- Task description: Only one stretch of the data below should be repeated: the lines from the line containing "Η πιο απροσδόκητη, αλλά" through the line containing "Το ΜΟΙΡΑΖΟΜΑΣΤΕ ΤΟ", inclusive, exactly as they are.

___ Stored data ___

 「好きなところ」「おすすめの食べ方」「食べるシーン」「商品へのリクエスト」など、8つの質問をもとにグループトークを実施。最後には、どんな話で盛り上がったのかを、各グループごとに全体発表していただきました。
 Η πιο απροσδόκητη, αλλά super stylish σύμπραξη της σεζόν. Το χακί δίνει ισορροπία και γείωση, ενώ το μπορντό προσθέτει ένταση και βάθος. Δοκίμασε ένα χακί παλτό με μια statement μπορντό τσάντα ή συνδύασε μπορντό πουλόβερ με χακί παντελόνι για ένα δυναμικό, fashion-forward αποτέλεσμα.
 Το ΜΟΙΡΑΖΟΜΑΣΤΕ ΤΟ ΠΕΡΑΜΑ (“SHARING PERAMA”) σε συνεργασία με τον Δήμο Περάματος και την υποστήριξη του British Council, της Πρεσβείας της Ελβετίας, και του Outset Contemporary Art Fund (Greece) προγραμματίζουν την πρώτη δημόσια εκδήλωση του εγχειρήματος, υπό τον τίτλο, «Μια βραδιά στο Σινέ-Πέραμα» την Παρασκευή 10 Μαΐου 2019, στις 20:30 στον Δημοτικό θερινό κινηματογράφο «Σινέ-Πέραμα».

___
___ Stored data ___

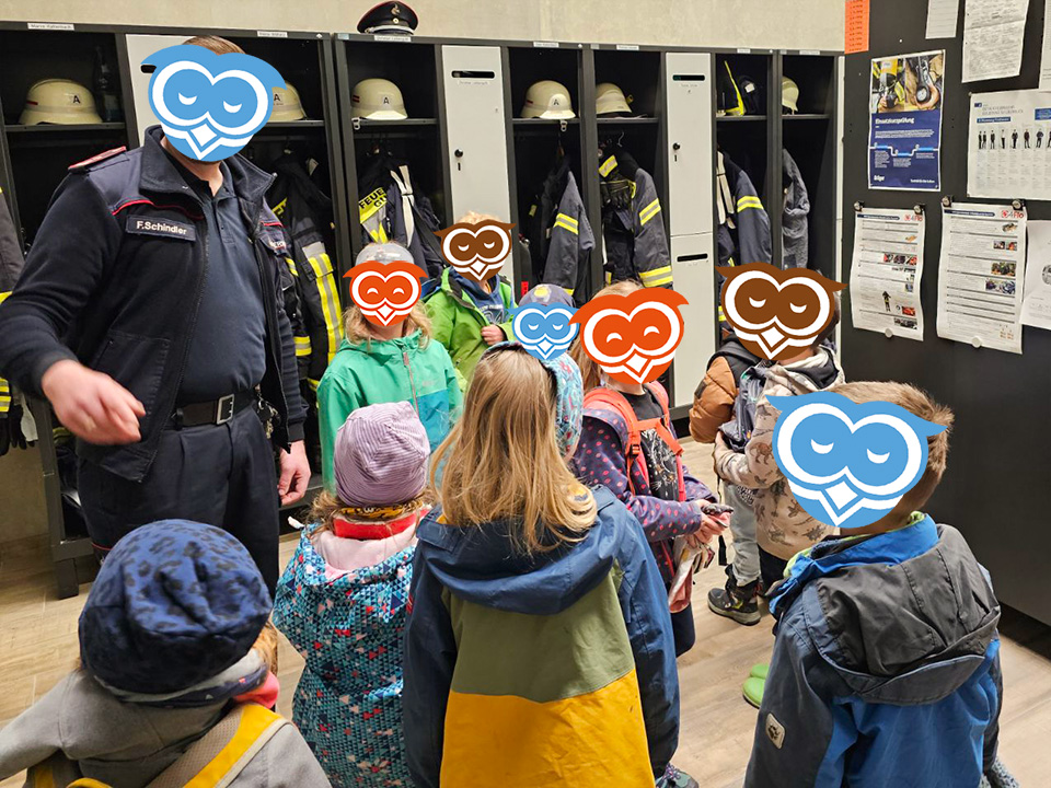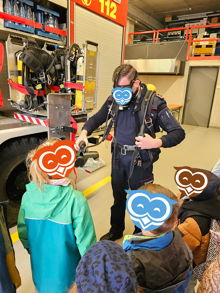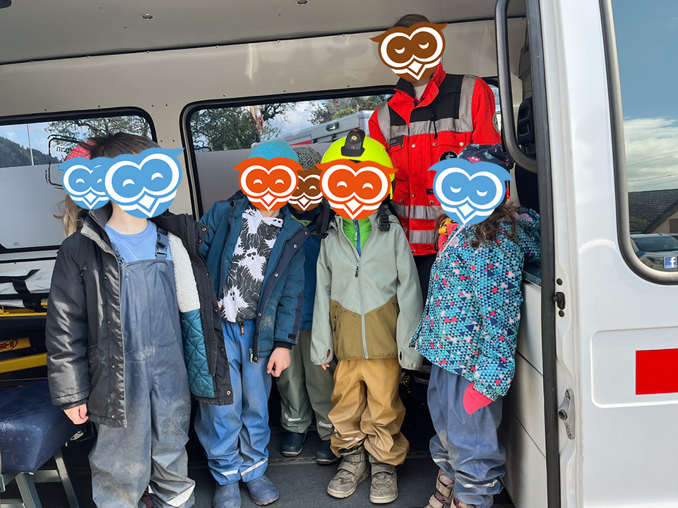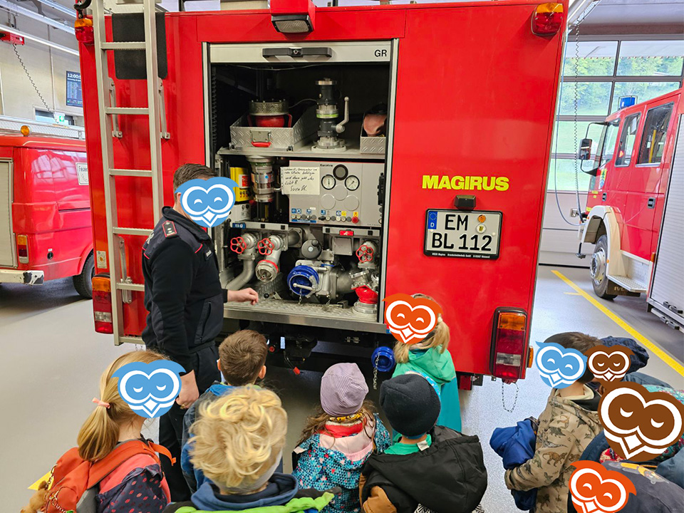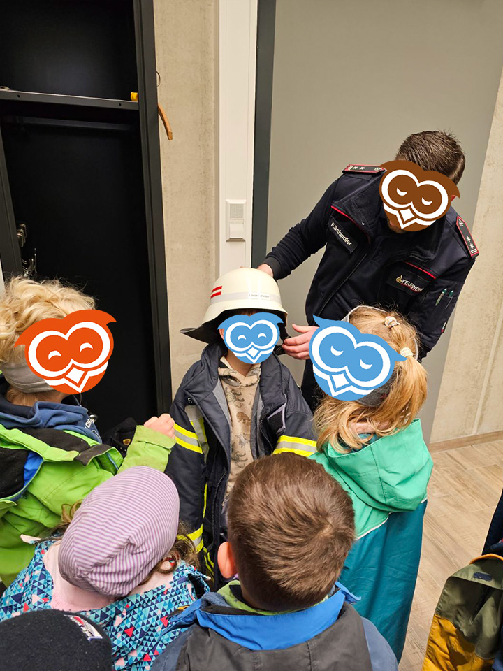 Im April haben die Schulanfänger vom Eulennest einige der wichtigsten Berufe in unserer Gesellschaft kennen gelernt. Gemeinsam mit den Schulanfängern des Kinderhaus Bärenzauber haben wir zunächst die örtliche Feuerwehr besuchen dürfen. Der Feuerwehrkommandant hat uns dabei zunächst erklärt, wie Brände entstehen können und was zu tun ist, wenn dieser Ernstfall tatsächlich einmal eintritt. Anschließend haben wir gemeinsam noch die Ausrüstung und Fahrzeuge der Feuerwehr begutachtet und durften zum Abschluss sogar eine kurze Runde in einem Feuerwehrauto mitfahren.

___

- Result below:
 Η πιο απροσδόκητη, αλλά super stylish σύμπραξη της σεζόν. Το χακί δίνει ισορροπία και γείωση, ενώ το μπορντό προσθέτει ένταση και βάθος. Δοκίμασε ένα χακί παλτό με μια statement μπορντό τσάντα ή συνδύασε μπορντό πουλόβερ με χακί παντελόνι για ένα δυναμικό, fashion-forward αποτέλεσμα.
 Το ΜΟΙΡΑΖΟΜΑΣΤΕ ΤΟ ΠΕΡΑΜΑ (“SHARING PERAMA”) σε συνεργασία με τον Δήμο Περάματος και την υποστήριξη του British Council, της Πρεσβείας της Ελβετίας, και του Outset Contemporary Art Fund (Greece) προγραμματίζουν την πρώτη δημόσια εκδήλωση του εγχειρήματος, υπό τον τίτλο, «Μια βραδιά στο Σινέ-Πέραμα» την Παρασκευή 10 Μαΐου 2019, στις 20:30 στον Δημοτικό θερινό κινηματογράφο «Σινέ-Πέραμα».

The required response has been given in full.